# Elan Snowboard Factory files for bankruptcy



## P3 Mammoth (Dec 3, 2011)

Definately going to have to keep an eye on this situation. This factory produces quite a few brands and owns most of the technology these brands claim as their own. 

Elan Snowboard Factory Files For Bankruptcy | TransWorld Business

Arbor, Rome, Capita, Battaleon, Lobster, Artec, Dinosaurs Will Die... and a few more are all made by these guys.


----------



## BurtonAvenger (Aug 14, 2007)

So nice of TWBiz to finally figure out this story I posted late last week.


----------



## bseracka (Nov 14, 2011)

Wonder if this will send Jones back to Nidecker?


----------



## BurtonAvenger (Aug 14, 2007)

Jones is at GST same as Yes. The Nidecker factory has been sold and is only doing small OEM stuff but nothing substantial.


----------



## P3 Mammoth (Dec 3, 2011)

Just heard from our Rome connection that they had anticipated this and moved their molds to GST a few months ago.


----------



## danm (Jan 16, 2010)

I guess it's just better to build them yourselves??? (Mervin, NS, Smokin, Prior...) you get the idea...

danm


----------



## scotty100 (Apr 3, 2012)

bseracka said:


> Wonder if this will send Jones back to Nidecker?


Jones and yes are still Nidecker brands essentially, right? Even though manufactured by GST?


----------



## Extremo (Nov 6, 2008)

I thought Capita, Jones, Rome, and Bataleon/Lobster were already GST manufactured boards? We're GST and Elan both doing molds for the same companies?


----------



## BurtonAvenger (Aug 14, 2007)

No GST was not making their boards. Sure sign of that is no Structurn. 

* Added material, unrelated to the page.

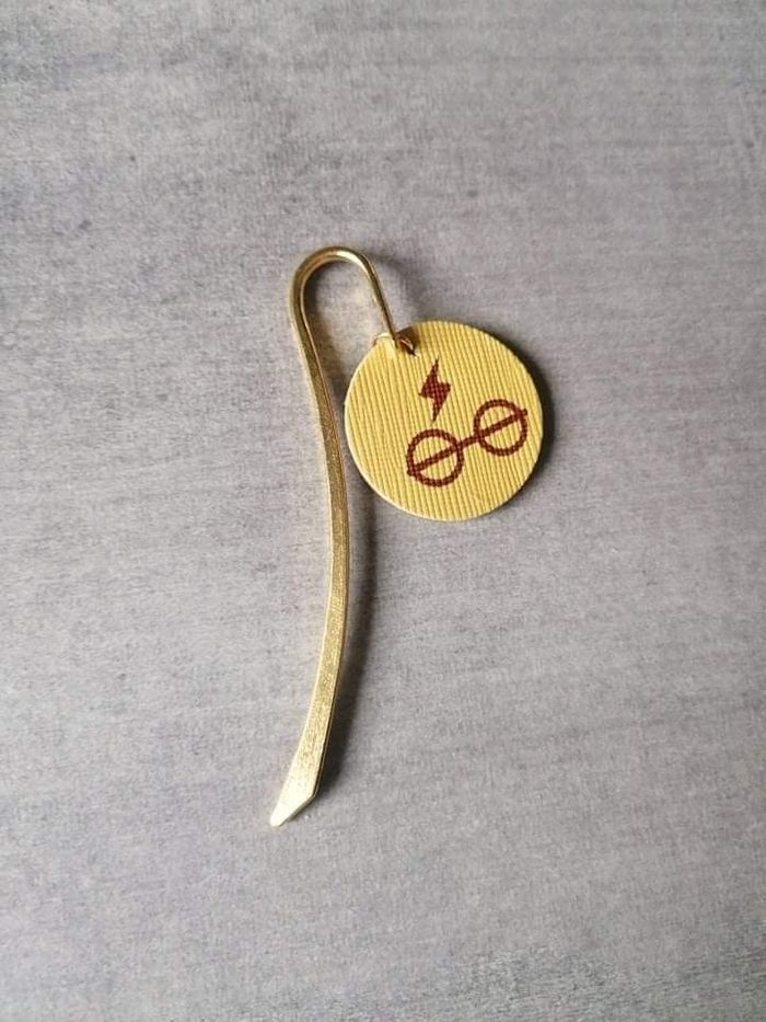 Marque page doré avec en pendent fait main en tissu et bois de 3cm de diamètre

Also it's no longer Yes. By Nidecker.


----------



## Extremo (Nov 6, 2008)

BurtonAvenger said:


> No GST was not making their boards. Sure sign of that is no Structurn.
> 
> Also it's no longer Yes. By Nidecker.


But neither does Niche and they're GST manf.


----------



## Clayton Bigsby (Oct 23, 2012)

Didnt know they still made boards, then again I run into boards at shops that I thought were out of business years ago, such as Morrow, Kemper, Elan etc, not sure if they're new or just 10-15 year old boards being sold at sports stores ?


----------



## scotty100 (Apr 3, 2012)

BurtonAvenger said:


> Also it's no longer Yes. By Nidecker.


Interesting, so Yes is no longer a brand offshoot but it's own independent company. Is that the same for Jones too?


----------



## suburbanlegend8 (Nov 14, 2012)

Extremo said:


> But neither does Niche and they're GST manf.


Are you talking about the structurn bases? Because Niche boards have them.


----------



## BurtonAvenger (Aug 14, 2007)

Extremo said:


> But neither does Niche and they're GST manf.


Niche definitely has structurn on the Aether. 

Capita, Arbor, some Rome, Lobster, Bataleon, Futuresport, APO, Amplid, DWD, and some other smaller OEM's are from Elan.


----------



## Extremo (Nov 6, 2008)

suburbanlegend8 said:


> Are you talking about the structurn bases? Because Niche boards have them.


Weird. I just held a Niche last weekend and I didn't notice the structurn. It was the zero camber board. Maybe because it was beat to death.


----------



## BurtonAvenger (Aug 14, 2007)

The Theme? It might not be on the pricepoint one.


----------



## super-rad (Jan 25, 2012)

Extremo said:


> I thought Capita, Jones, Rome, and Bataleon/Lobster were already GST manufactured boards? We're GST and Elan both doing molds for the same companies?


Bataleon moved from GST to Elan. I think the 2012 boards were the first year of production by Elan, hence the blunted tips and more visible TBT.


----------



## Triple8Sol (Nov 24, 2008)

Sorry to hear this. They've been churning out some quality boards for a long time. I'm guessing GST is ready and eager to gobble up the business.


----------



## BurtonAvenger (Aug 14, 2007)

Triple8Sol said:


> Sorry to hear this. They've been churning out some quality boards for a long time. I'm guessing GST is ready and eager to gobble up the business.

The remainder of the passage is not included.